Contrary to the submissions of the ACCC, the notion that the wrongful conduct of an agent (including conduct in breach of provisions of the ACL) can be attributable to the principal was not in dispute. However, the fact that the wrongful conduct of an agent can be attributed to the principal does not mean that any such wrongful conduct, including a breach of provisions of the ACL, will be attributed to the principal by reason of s 139B(2).
Whether any attribution is made under s 139B(2) is dependent on the relevant circumstances of the case.
In Australian Competition and Consumer Commission v Cornerstone Investment Aust Pty Ltd (in liq) (No 4) [2018] FCA 1408, Gleeson J stated at [302]–[304]:
In the law of agency, the liability of the principal for an agent’s defaults can be explained by the principal’s ability to stipulate an agent’s authority: Dal Pont, Law of Agency [22.15].
The expressions “actual authority” and “apparent authority” are not defined in the Act or ACL. It is therefore useful to have regard to the general law in determining their meaning.
At common law, the principal is civilly liable for an agent’s torts committed by the agent while acting within the scope of his or her actual or apparent (also called “ostensible”) authority: Ex parte Colonial Petroleum Oil Pty Ltd (1944) 44 SR (NSW) 306 at 308. As to the latter, Jordan CJ repeated the following statement from his decision in Bonette v Woolworths Ltd (1937) 37 SR (NSW) 142 at 151:
If an agent is authorised to do a particular class of acts, the principle [sic] is liable if the agent does an act of the class authorised notwithstanding that it is done mistakenly, negligently or wrongfully; and a principle [sic] cannot escape liability by expressly prohibiting his agent from making mistakes or being careless in carrying out his duties …
Concluding:
A principal is not, of course, responsible, either civilly or criminally, for anything done by a person who is in fact his agent, if it is done by that person on his own behalf and not in the course of the performance of his duties as agent or within the scope of his general authority as agent.

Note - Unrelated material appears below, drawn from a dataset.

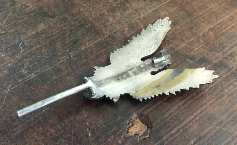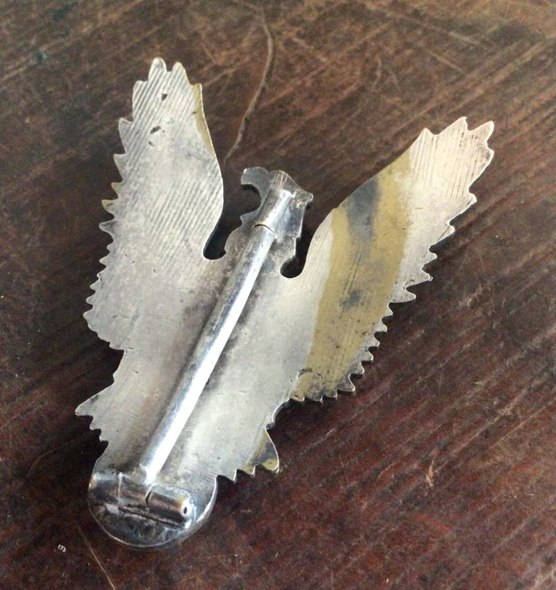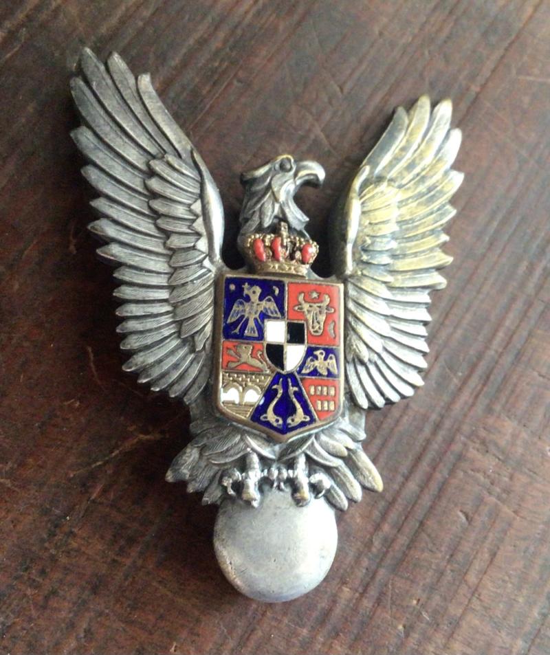 WW2 Romanian Pilot’s Badge. Silvered tombac with enamelled shield and crown centrepiece, non-magnetic, unmarked. Chip to enamel in the crown and some tone to one wing.
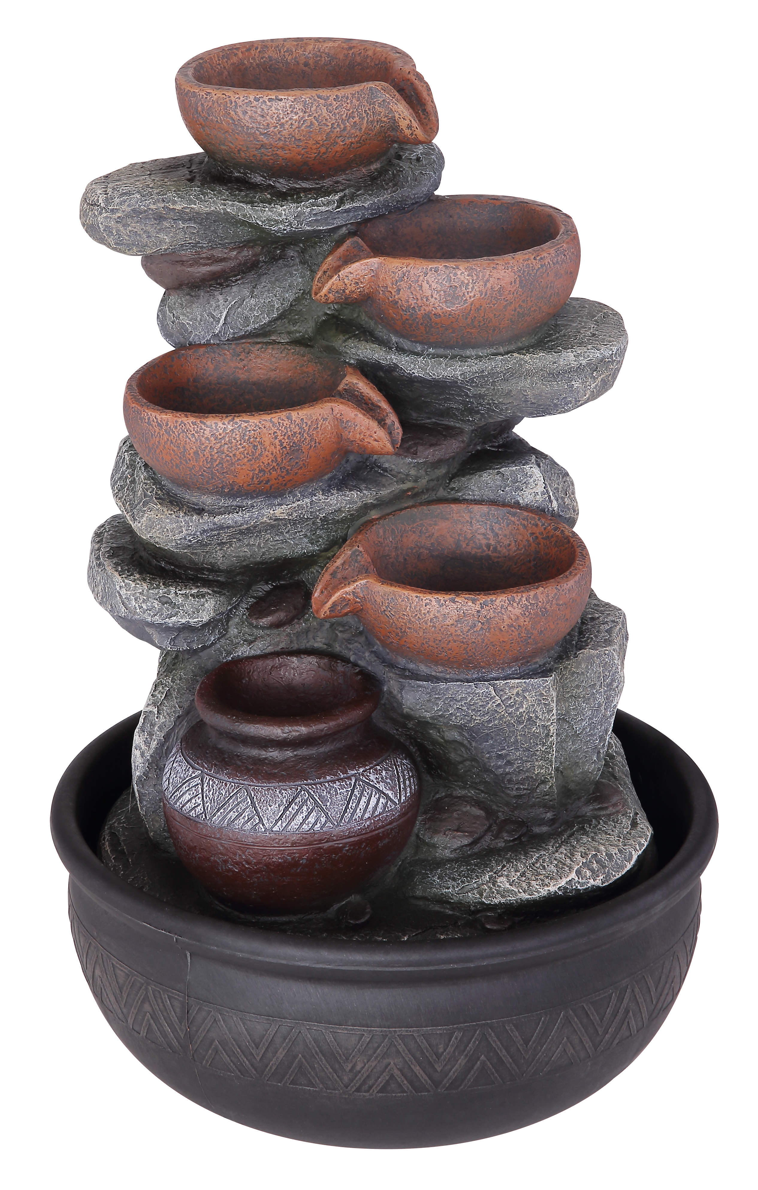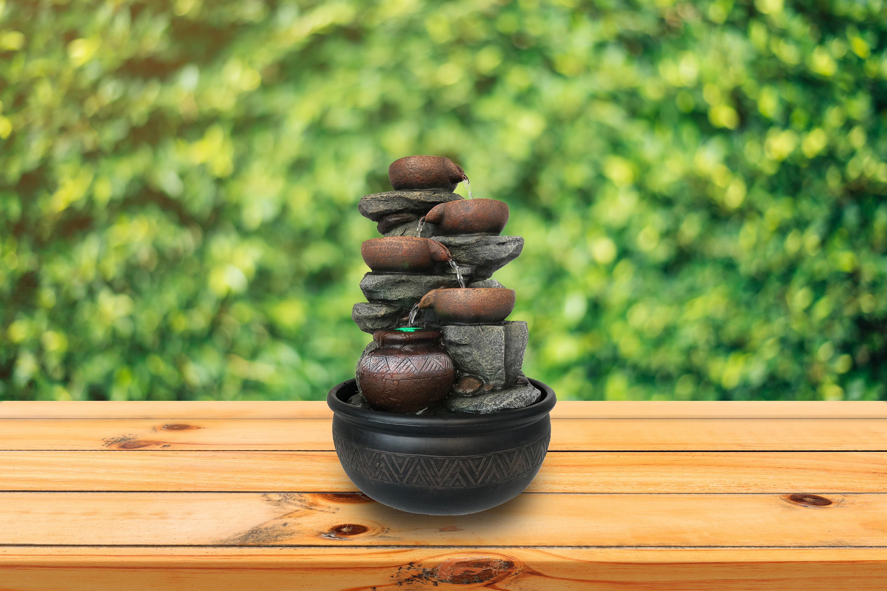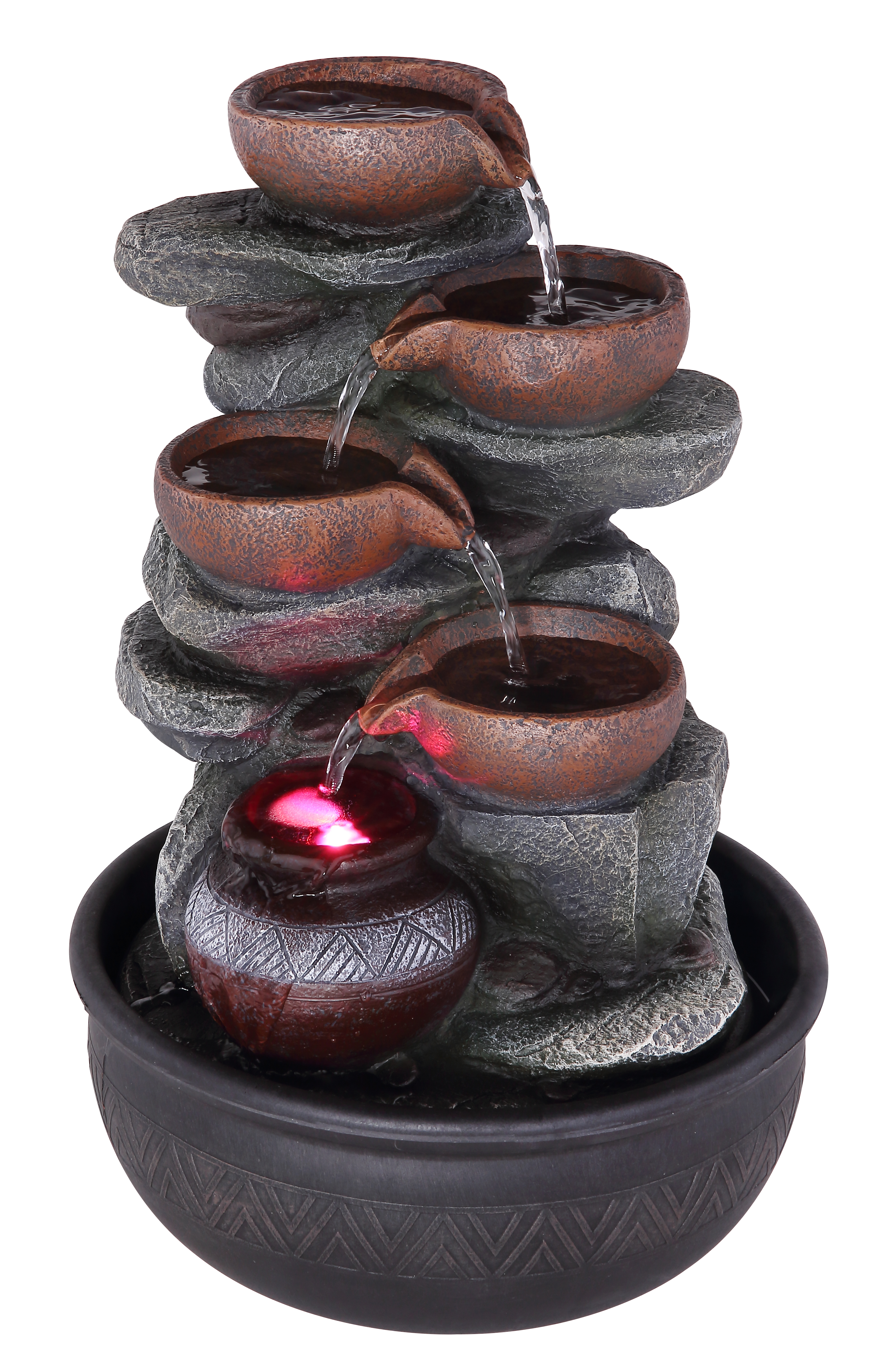 La fontana da tavolo FONTANA (alta quasi 40 cm) con il motivo della fontana potrebbe diventare il centro dell'attenzione in ogni zona. La fontana da interno in plastica nera e grigia ha una pompa inclusa e offre con la lampada a LED incorporata la luce giusta, che può anche essere cambiata di colore. Nella stessa serie di prodotti si possono trovare altre fontane di questo tipo.

This passage was cited with approval by Bromwich J in Australian Competition and Consumer Commission v Australian Institute of Professional Education Pty Ltd (in liq) (No 3) [2019] FCA 1982 (AIPE) at [31]. When dealing with the facts of that case, Bromwich J observed at [32]:
I am satisfied, as was Gleeson J in Empower that, generally speaking, the activities of the agents and recruiters were agents of AIPE within the meaning of that term in s 139B, extending to the conduct of the recruiters in selling and promoting education services by AIPE. This conduct plainly occurred in the course of the agency relationship between the agents and AIPE, including the conduct of the recruiters. The agents and recruiters were generally acting as representatives of AIPE and were doing so for the benefit of AIPE, building its business by the recruitment of consumers to become enrolled as students. Except for extreme or aberrant behaviour, such as making overtly false statements, which would likely fall outside their authority, I accept that the recruiters were ordinarily acting within the scope of their actual or apparent authority on behalf of AIPE.
(emphasis added)
The proposition that extreme or aberrant behaviour would likely fall outside an agent’s authority is consistent with the following statement in Dal Pont, Law of Agency (4th ed, LexisNexis Butterworths, 2020) at [20.45]:
The nature of the transaction (to be) effected by an agent is relevant to an inquiry into whether the third party reasonably relied on a principal’s holding out of an agent as authorised to effect that transaction. Where, in facilitating the transaction, an agent acts within the usual authority of a person in that position, a third party is normally not expected to inquire as to the details of the agent’s authority unless something in the nature of the transaction raises suspicion. A transaction prima facie contrary to the principal’s interests, that otherwise lacks an evident connection to the principal’s interests or that without explanation involves the payment of money due to the principal to someone else, is one that a reasonable third party cannot assume to be authorised, and so usually falls outside ostensible authority. The same may be said of an illegal transaction.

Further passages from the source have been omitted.